Not one to shy away from addressing society’s ills and trouble in the world, Wonderland sat down to play her lap steel for her well-crafted original protest song “Fragile Peace And Certain War,” which can best be described as Bob Dylan meets Austin, Texas. She forcefully belted out the intense lyrics, which she matched with equally ferocious licks while sliding on her lap guitar.


Wonderland covered Dylan’s “It Takes A lot to Laugh, It Takes A Train To Cry,” imbuing the laid-back bluesy epic with a Lone Star flair and her sensuous singing; for the track on the new album she is joined by nasally twang of Jimmie Dale Gilmore. Although she didn’t mention it during the show, Bob Dylan is a big fan of hers and they have maintained a musical friendship over the years.


“A Crack in the Wall,” is a sad country waltz about the inhumane conditions that illegal immigrants suffer through. Although the song sounds like it was written by John Prine, Carolyn penned it. Her sad, weepy guitar notes added atmosphere to the sorrowful lyrics.


She and the band cut loose on Freddie King’s classic “Palace of the King,” a rip-roaring blues rocker that had some of us dancing.


She covered the Jerry Garcia/Robert Hunter folksy ballad “Loser” about a gambler’s woes. The song started slowly, with a cosmic Grateful Dead ambience; the band built the drama while her powerful harmonies with Shelley King soared. Wonderland then broke out her frenzied guitar solo and wailing vocals to bring the song to its climactic ending, one that surely did Garcia proud.


The crowd went wild, and rose for a standing ovation.


Wonderland turned the encore over to Shelley who sang lead and played acoustic guitar for a gospel blues song by Blind Willie Johnson, the oft-covered “Nobody’s Fault But Mine.” King and Wonderland joined together for heavenly harmonies that lifted our spirits and sent us into the night.


There simply aren’t enough superlatives in the dictionary to describe Carolyn Wonderland. But her producer Dave Alvin hit the nail on the head:


“I wanted to work with Carolyn because her guitar playing isn’t imitating anyone. She is especially not imitating the imitators, like so many modern blues or blues/rock guitarists do. She developed her own effective way of playing the blues that incorporate bits of folk, country and even psychedelic riffs, plus she always surprises me with her guitar lines and melodic twists and turns. As for Carolyn’s vocals, they are soulful and powerful to the point of being often spine-tingling.

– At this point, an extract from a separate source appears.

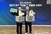 (뉴스인020 = 김성길 기자) 서천군농업기술센터는 지난 2일 충청남도농업기술원에서 열린 ‘제4기 충남 농업 미래리더 인증식’에서 서천군 청년농업인 최한열 씨와 이승원 씨가 충청남도 우수청년농부 인증패를 수상했다고 밝혔다. 이번 인증식은 충남 지역 청년농업인 24명을 대상으로 고소득, 새도전, 행복 등 3개 부문에 걸쳐 진행됐다. 이 가운데 최한열 씨와 이승원 씨는 ‘충남 농촌에 살며 행복한 청년농업인’을 선정하는 행복 부문에 이름을 올리며 서천 청년농업인의 역량을 입증했다. 최한열 씨(37·서면)는 2019년 귀농해 ‘아이줄농장’을 운영하고 있는 청년농업인으로, ‘내 아이에게 줄 수 있는 깨끗한 농산물’이라는 철학을 바탕으로 친환경 벼와 밤호박을 재배하고 있다. 또한 드론 방제 대행을 통해 고령 농업인의 일손 부족 해소에도 힘을 보태며 지역 농업 현장에서 역할을 다하고 있다. 이승원 씨(38·마산면)는 부모와의 협업경영을 위해 귀농한 청년농업인으로, 드론 조종사 자격을 취득해 연간 약 240헥타르 규모의 방제 작업을 직접 수행하고 있다. 이를 통해 스마트농업의 현장 적용

Her ability to move from intimate, whispery gentleness to earth shaking, Saturday night bar room loudness, always impresses me, both for the obvious gifts of her vocal range but also how well she uses it to advance the drama or the story of the song. I also love that Carolyn has a wonderful, mischievous sense of humor that makes her performances honest and charming and keep them far away from getting too bogged down in too much serious ‘artiste’ posturing.”


Wonderland’s stellar performance at City Winery on a Monday night in October proved every word from Dave Alvin to be true!